Court of Appeal for Ontario
Citation: 2017 ONCA 974
Date: December 12, 2017
Docket: C62651
Judges: Pardu, Trotter and Paciocco JJ.A.
Parties
Between
Willowbrook Nurseries Inc. Plaintiff (Appellant)
and
Royal Bank of Canada Defendant (Respondent)
Counsel
For the Appellant: Paul J. Pape
For the Respondent: Milton A. Davis and Rob Macdonald
Hearing and Appeal
Heard: November 17, 2017
On appeal from: The judgment of Justice Robert D. Reilly of the Superior Court of Justice, dated August 11, 2016, with reasons for judgment reported at 2016 ONSC 4954 and reasons for costs reported at 2016 ONSC 6630.
Issues
Breach of contract – General organizing principle of good faith – Duty to provide reasonable notice of change to prevailing course of lending conduct – Whether bank exercised discretion in good faith – Duty to exercise contractual discretion in objectively reasonable manner.
Decision
Pardu J.A.:
[1] Introduction
[1] Willowbrook Nurseries Inc. ("Willowbrook") needed to borrow more money from its banker, Royal Bank of Canada ("RBC"). It needed more working capital because its business was growing and because it suffered a few business hiccups in the preceding year. RBC did not agree to immediately lend more money to Willowbrook and placed its accounts in Special Loans and Advisory Services ("Special Loans").
[2] RBC's refusal to immediately lend more money meant that Willowbrook could not pay its suppliers on time and had to lay off employees. RBC demanded more financial information from Willowbrook and proposed to increase banking fees and interest charges. It wanted up to date appraisals of the real property securing Willowbrook's debt. It proposed to engage an accounting consultant to review Willowbrook's financial position, at Willowbrook's expense. RBC asked for cash flow projections and indicated that "an appropriate temporary overdraft accommodation limit will be established upon our review and acceptance of your cash flow projections."
[3] Willowbrook brought an action against RBC for breach of its obligation to perform the lending agreement in good faith. Willowbrook argued at trial that RBC's refusal to lend new money and its decision to subject Willowbrook to Special Loans treatment amounted to a change in the prevailing course of lending conduct and required reasonable notice. It argued at trial that the Special Loans treatment amounted to a de facto demand for payment without notice. Willowbrook's action was dismissed and it appeals to this court.

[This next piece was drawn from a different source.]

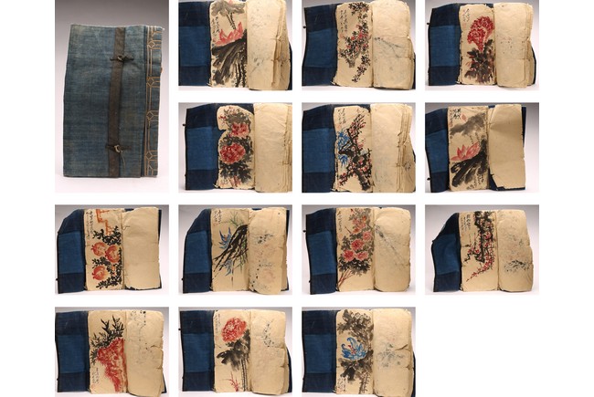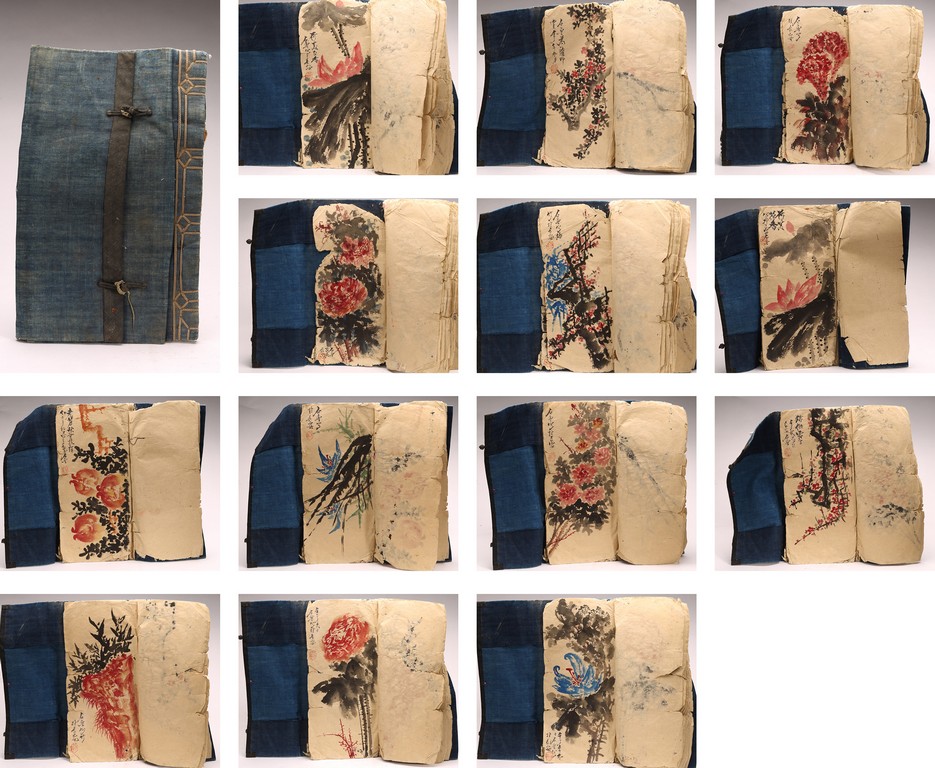 Color and ink on paper. Flowers. Thirteen leaf album. Each inscribed and signed Shilu, each with one seal mark.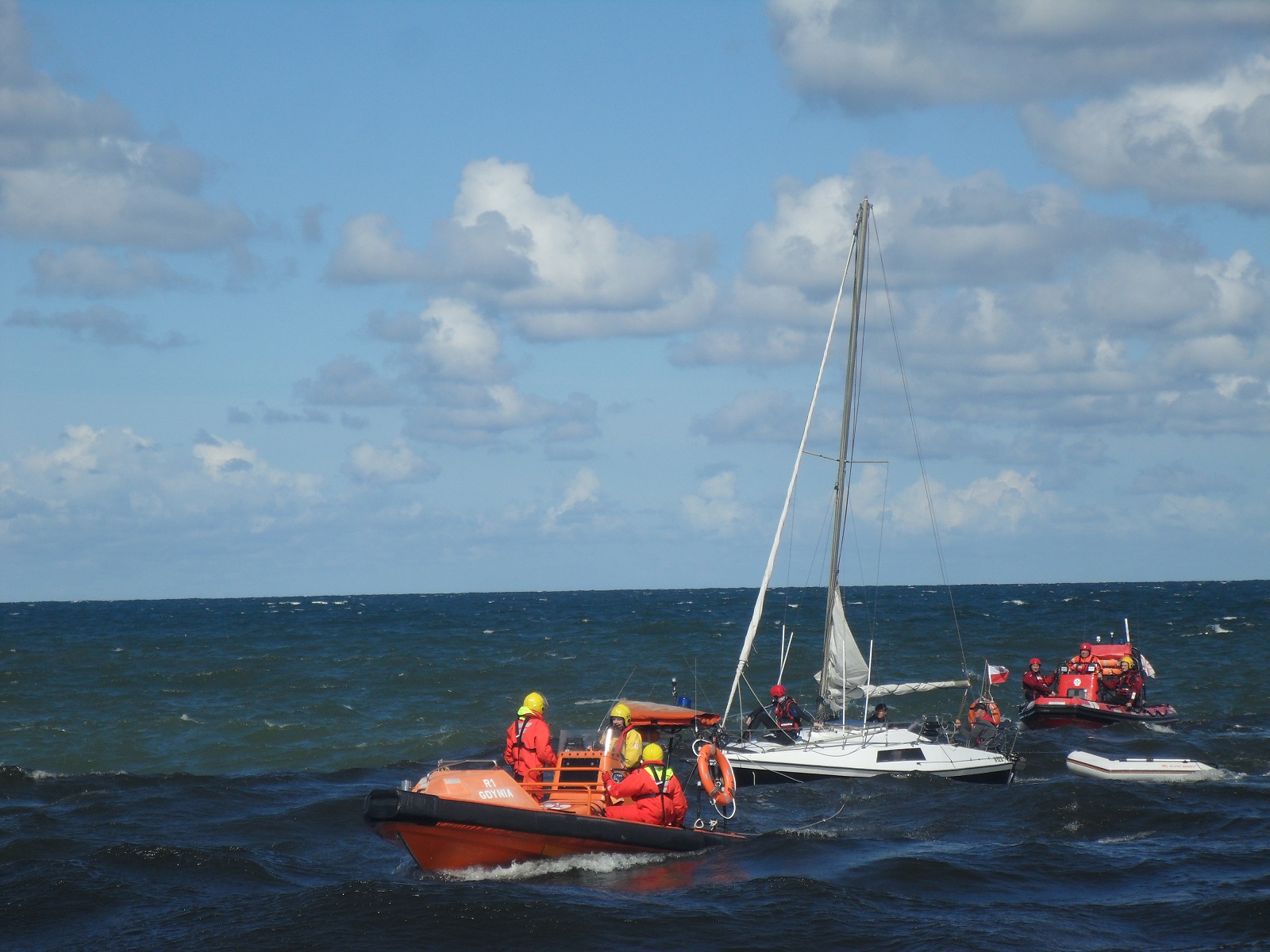 Do akcji skierowano dwie motorówki - R-16 z Brzegowej Stacji Ratownictwa SAR w Ustce i R-1 ze statku ratowniczego Orkan. Ratownicy najpierw przejęli z pokładu trójkę dzieci, które odwieziono na ląd a później bezpiecznie odholowali jacht do portu w Ustce.

[4] I would dismiss the appeal for the reasons that follow.
Factual Background
[5] RBC began lending to Willowbrook through a line of credit, demand loan, various mortgages, and a corporate credit card in January 2005. Since the plant nursery business is seasonal, Willowbrook always needed an infusion of working capital in the winter in order to produce plants that would be sold in the spring and summer. To satisfy Willowbrook's seasonal financing needs, RBC would agree to a temporary accommodation request ("TAR") that allowed Willowbrook to temporarily exceed its $2.75 million line of credit each winter. The overdraft amount was set by the parties' mutual agreement each fall or winter and would typically be paid down in the following spring or early summer.
[6] However, through the spring and summer of 2008, Willowbrook did not fully repay the $1.25 million worth of TAR that RBC extended in the winter of 2007, despite three extensions of time to do so ("2007 TAR"). By December 2008, $1.029 million of the 2007 TAR was still outstanding.
[7] Nonetheless, Willowbrook submitted an additional $1.2 million TAR following the completion of its fiscal 2008 financial statements on October 14, 2008 ("2008 TAR") along with a debt restructuring and separate $500,000 term loan request. Approval of these requests would have meant that RBC would be lending, in total, $500,000 more than ever before to Willowbrook.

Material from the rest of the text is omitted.